Question

For the reaction
\[ \text{A} + \text{B} \rightleftharpoons \text{C}, \quad K_p = 2.7 \times 10^{-5} \] Calculate \( K_p \) for the reaction
\[ \frac{1}{3} \text{A} + \frac{1}{3} \text{B} \rightleftharpoons \frac{1}{3} \text{C} \]

• A. \( 3 \times 10^{-3} \)
• B. \( \frac{1}{3} \times 10^{-3} \)
• C. \( 9 \times 10^{-3} \)
• D. \( 3 \times 10^{-2} \)

Answer 1

The Correct Option is D

Step 1: Understand the effect of changing the stoichiometry on the equilibrium constant.
For the given reaction: \[ \text{A} + \text{B} \rightleftharpoons \text{C}, \quad K_p = 2.7 \times 10^{-5} \] We are asked to find \( K_p \) for the reaction: \[ \frac{1}{3} \text{A} + \frac{1}{3} \text{B} \rightleftharpoons \frac{1}{3} \text{C} \] We notice that the coefficients of all species are divided by 3. When we divide the coefficients in the balanced reaction by a constant, the equilibrium constant changes according to the power of the factor by which the coefficients are divided.

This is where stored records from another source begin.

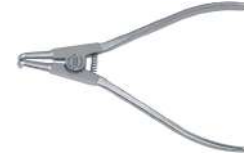
65464021 Circlip plier for outside circlips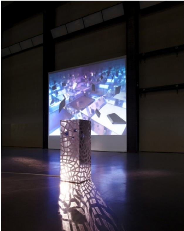
Fig 1: The Hello Cube

What became evident in the interviews was how fully enmeshed each and every one of Tate's initiatives in this area inevitably is with debate about ethics, despite the projects' varying audiences and ambitions. Digital ethics were a fundamental concern to all of the interviewees we spoke to, manifesting in varied discourses for different areas of the institution even as individuals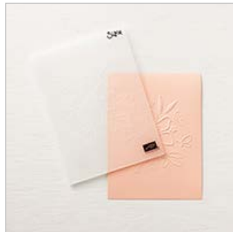
Lovely Floral Dynamic Textured Impressions Embossing Folder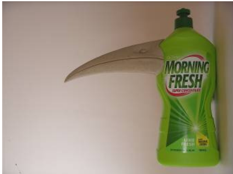
Fiona Hall Mourning Chorus (2007 – 08) (detail) resin, plastic, vitrine dimensions variable

Specifically, if the reaction is multiplied or divided by a factor \( n \), the new equilibrium constant is: \[ K'_p = (K_p)^n \] Step 2: Apply the rule to the given reaction.
In our case, we have divided all the coefficients by 3. Thus, the new equilibrium constant is: \[ K'_p = (K_p)^{1/3} \] \[ K'_p = (2.7 \times 10^{-5})^{1/3} \] Step 3: Calculate the new equilibrium constant.
Taking the cube root of \( 2.7 \times 10^{-5} \): \[ (2.7 \times 10^{-5})^{1/3} \approx 3 \times 10^{-2} \] \( 3 \times 10^{-2} \).